What the KV cache actually is
During autoregressive decoding, a transformer generates one token at a time. At each attention layer, the model has to compute a Query, a Key, and a Value tensor for every token in the sequence. The Query for the new token is fresh, but the Keys and Values for all the prior tokens are identical to what was computed on the previous step. Recomputing them every time would be wasteful: generating the 500th token would mean redoing the work for tokens 1 through 499, at every layer, for nothing.
The KV cache is the obvious fix. The model stores K and V from every past step in GPU memory, and each new token only needs one new K row and one new V row appended per layer. The attention operation then runs as a dot product between the new Query and the cached Keys, weighted against the cached Values. Decoding stops being quadratic in sequence length per token and becomes linear, which is what makes streaming a large language model at interactive speeds possible at all.
If you have ever wondered why the first token of a response feels slow and the rest feel quick, the KV cache is the reason. The first token requires a full prefill pass over the prompt. Every token after that is a cheap append.
Why decoder-only LLMs cache K and V
The catch is memory. A rough sizing formula is 2 times n_layers times d_model times sequence_length times bytes_per_parameter, where the leading 2 covers both K and V. For a 70 billion parameter Llama-class model running at a 128k context window, that single cache can exceed 80 GB. The model weights have not even started loading yet. This is why inference servers obsess over KV cache layout the way databases obsess over page sizes.
Three optimizations are now standard:
- PagedAttention, introduced in the vLLM paper (Kwon et al., 2023), treats the KV cache like operating-system virtual memory. Blocks of cache pages are allocated on demand, fragmentation disappears, and pages can even be shared across requests that have a common prefix. The paper reports 2 to 4 times higher throughput at the same latency as prior serving systems, and the technique is now the default behind most production inference stacks.
- Grouped-Query Attention, or GQA, has multiple Query heads share a single Key and Value head. The cache shrinks by the grouping factor with only a small quality cost. It is standard from Llama 3 onward.
- Multi-Query Attention, or MQA, is the extreme version: one K and V head shared across all Query heads. Cheaper still, slightly more quality loss.
The cache itself can also be quantized. Storing K and V in 8-bit or even 4-bit precision instead of 16-bit halves or quarters the footprint, at a small accuracy cost. See quantization for the same idea applied to the weights.
Why KV cache matters for AI chatbots
For a chatbot operator, the KV cache is the difference between a chat that streams smoothly and a chat that stalls between tokens. Long conversations grow the cache linearly, so providers cap context not just because the model degrades past its trained range, but because the per-request memory footprint becomes the bottleneck for batch size, and batch size is what determines GPU economics.
This is also why streaming response UX and KV cache behavior are linked. Streaming relies on the model producing one cached-decode step per token.

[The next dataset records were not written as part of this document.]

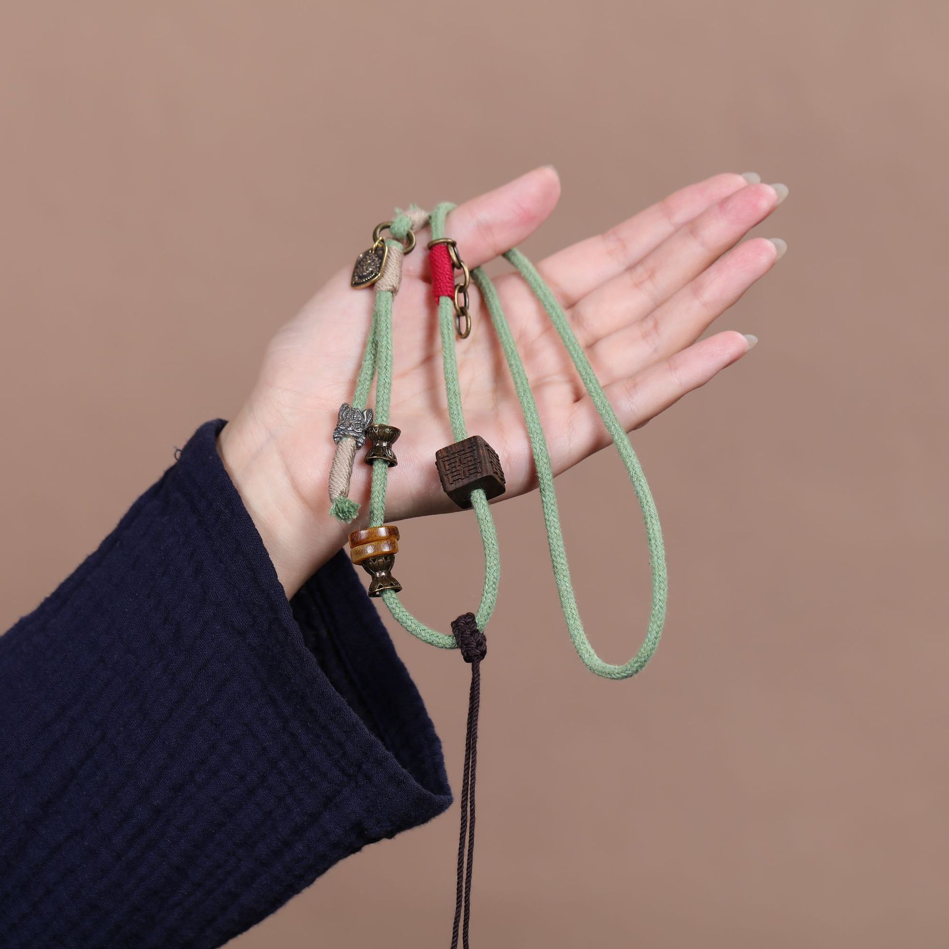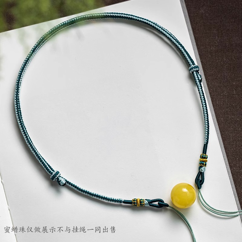 天珠横型ストラップ、調節可能な鎖骨チェーンロープ、蜜蝋転送ビーズ、中国風編みロープ、千里江山カラー
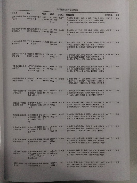 2024年新版中國塑料采購企業(yè)黃頁,收錄了全國各地經(jīng)營范圍涉及塑料產(chǎn)品的貿(mào)易企業(yè),這些都是頗具實(shí)力的塑料產(chǎn)品的中國采購商。黃頁內(nèi)容包含:企業(yè)名稱、地址、電話、傳真、郵箱、經(jīng)營范圍、省份、注冊(cè)資金等信息。該套黃頁包含一個(gè)黃頁光碟加一冊(cè)紙質(zhì)書刊,全國價(jià)格:1500元元,省/直轄市價(jià)格:400元,城市價(jià)格:200元,共收錄了全國各地大概6700(統(tǒng)計(jì)日期:2018.1)家塑料產(chǎn)品采購企業(yè)。黃頁光碟中是EXCEL格式,信息可任意修改、復(fù)制、打印、導(dǎo)出及導(dǎo)入到傳真、郵件群發(fā)等軟件中,無任何限制。
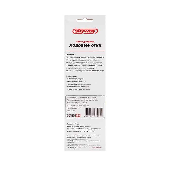Дневные ходовые огни Skyway, 12 В, COB диоды, 145×15 мм, набор 2 шт., S01501032 — Характеристики
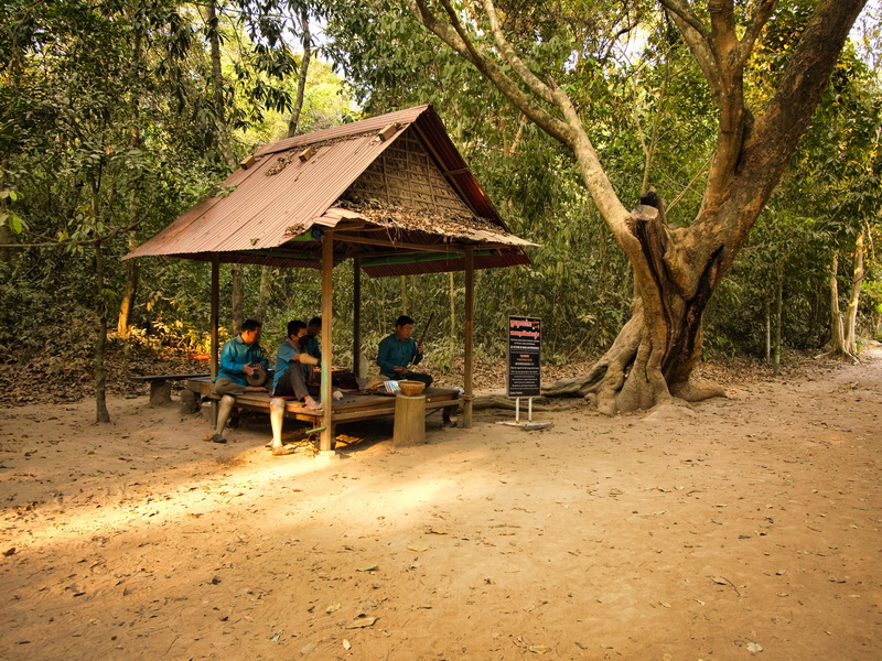 Im Ausgangsbereich, der gleichzeitig auch der Eingang war, trafen wir noch auf eine Musikgruppe. Diesmal keine Mönche, sondern Kriegsversehrte und Opfer von Landminen – ein ernüchternder Hinweis darauf, dass die Vergangenheit in Kambodscha vielerorts noch sehr präsent ist. Ihre Musik war ruhig und eindringlich – ein stiller Kontrast zur touristischen Betriebsamkeit ringsum.
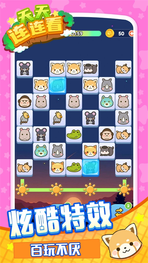 3、萌趣主题:将经典玩法与可爱动物元素完美结合,带来不一样的连连看体验。
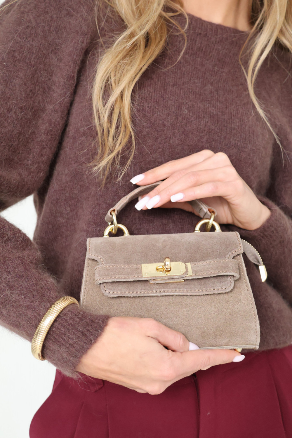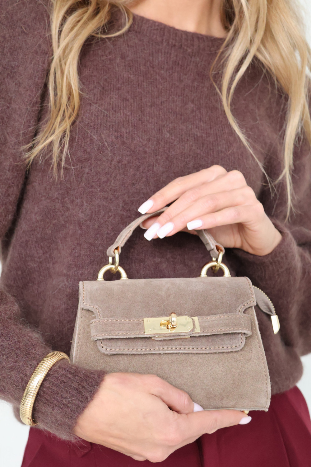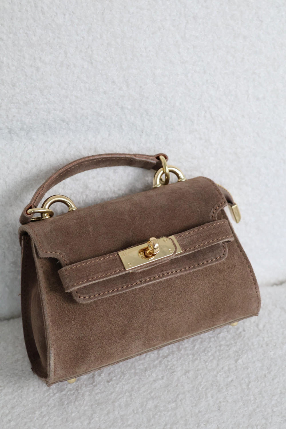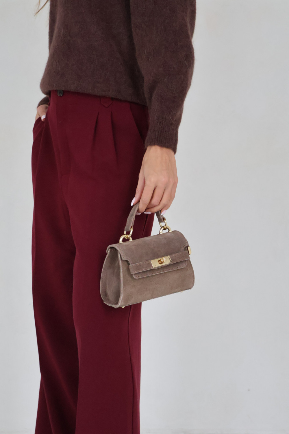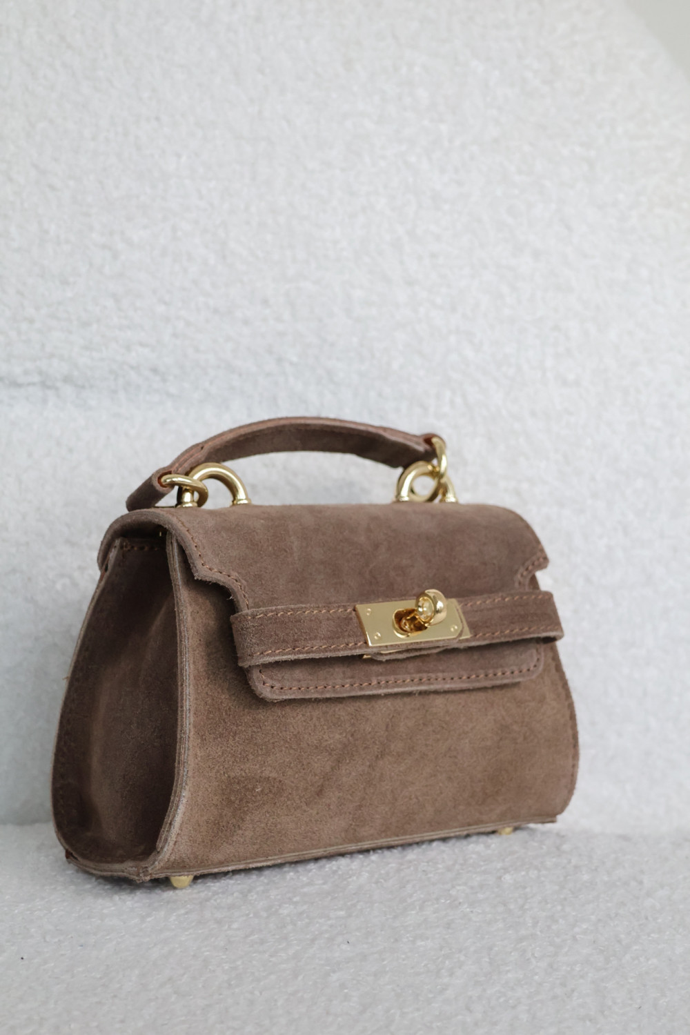 Torebka mini TIFFANY wykonana jest w 100% z naturalnej skóry zamszowej. Klasyczny fason w kompaktowym rozmiarze sprawia, że model sprawdzi się zarówno na co dzień, jak i przy bardziej eleganckich stylizacjach. Odcień taupe jest stonowany i uniwersalny, dzięki czemu łatwo zestawić go z różnymi kolorami ubrań.

If the cache is evicted partway through, the model has to recompute, and the stream visibly hitches.
Prompt caching: the KV cache as a product feature
The most interesting recent development is that providers have started exposing the KV cache as a billing line item. They call it prompt caching, and it is the same data structure with a different lifecycle: instead of throwing the cache away at the end of a request, the provider keeps the prefill state around long enough that a follow-up request with the same prefix can skip the prefill entirely.
- Anthropic prompt caching (launched 2024) bills cache writes at 1.25 times the base input price for the 5-minute tier, and cache reads at 0.1 times the base price. That is a 90 percent discount on the cached prefix on every reuse. The math works out such that a single cache hit already pays back the write surcharge.
- OpenAI prompt caching is automatic on prompts longer than 1,024 tokens for GPT-4o-class and o-series models. Cached prefixes are billed at roughly 50 percent of the uncached input price, with no code changes required.
- Both work the same way mechanically: hash the longest shared prefix, look up the prefilled KV state, jump straight to decoding.
The wins are largest where the same long context appears on every turn: lengthy system prompts, role schemas, retrieval context that repeats across messages, few-shot examples, and tool definitions. ChatRaj's system prompt is structured so repeated parts hit prompt-cache rules at the provider, lowering per-message cost on long conversations.
The catch worth knowing: prompt caching only works if the cached prefix is bit-identical. A timestamp or a randomly ordered tool list at the start of the prompt invalidates the cache for everything after it. Put the volatile parts at the end.
Where the KV cache fits next to other terms
It is easy to conflate the KV cache with the context window. They are related but distinct: the context window is the budget for how many tokens the model can attend to, while the KV cache is where the model actually stores the per-layer state for those tokens. The window is the policy. The cache is the data structure that lives inside it.